Early holiday marketing this year helps retailers and shoppers because of how taxed the supply chain is. Messaging that is transparent and clearly designed to help holiday shoppers ensure they get what they want will overcome the irritation consumers have felt in the past about premature marketing. When it’s clear that marketing efforts are intended to help the consumer, the potential for fatigue lessens significantly. This is the only approach that could save shelves from being empty when shoppers need gifts most.

Jeff Weidauer
BrainTrust

Holiday marketing has continued its creep into October and even September. This year will see more marketing, earlier than ever. Black Friday may mark the end of the shopping season rather than the start.

Oliver Guy
BrainTrust
Oliver Guy
Global Industry Architect, Microsoft Retail
7 months 21 hours ago

Hearing the first Christmas song in a store is always a watershed moment for me. The earliest ever was last year in the first week of November – as soon as Halloween was finished with!
This year could be interesting, there are comments in the media about buying early to avoid disappointment due to shortages related to supply chain issues. As a consumer it is difficult to know whether it is “propaganda” to encourage spending or not.

Some supply chain leaders may well be genuinely worried and are trying to spread the demand – which makes sense.

Georganne Bender
BrainTrust

Christmas creep is real. When I started in retail nothing happened to promote Christmas until after Thanksgiving but those days are long gone. These days retailers have a tendency to start pushing Christmas before Halloween is here.
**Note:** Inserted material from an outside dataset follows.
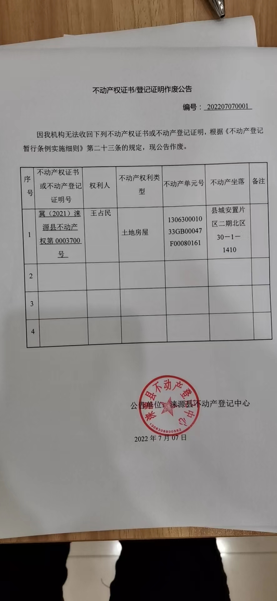 涞源县不动产权证书/登记证明作废公告

And this year is different, we’re starting early because we don’t know if we will get the goods consumers want, when they want them.

But there’s a difference between tastefully marketing Christmas merchandise in November and slamming consumers with daily email blasts that scream Christmas but have little value. We’re already in the holiday mood; good holiday marketing will be welcomed by most consumers.

Dick Seesel
BrainTrust

I have already seen retailer marketing around the theme of “buy early, before we run out of merchandise.” But there is no reason why stores should avoid true holiday messaging as soon as Halloween is over — in other words, next week. It’s a sprint from November 1st to Christmas (and Hanukkah lands very early this year) so stores can’t be blamed for stepping on the gas after the challenges of the past 20 months.

Richard Hernandez
BrainTrust

Holiday marketing began some time ago. Customers are being urged to buy now due to constrained supply chain issues. I would always like to see it start on the first of November, but that hasn’t happened in a very long time. Every retailer from Amazon to Macy’s is thinking the same thing – let’s get a head start before anyone else does. When I hear holiday music in October, that’s when I think it’s too early.

Nicola Kinsella
BrainTrust

This year is different. There are huge supply chain issues and labor shortages that are going to impact both product availability and delivery. What’s more, like the NRF study, our recent holiday shopping survey showed a trend towards early shopping. Specifically, 28 percent of U.S. consumers responded that they plan to start their holiday shopping before November, and 52 percent before Black Friday. So marketing early, given the conditions, makes sense.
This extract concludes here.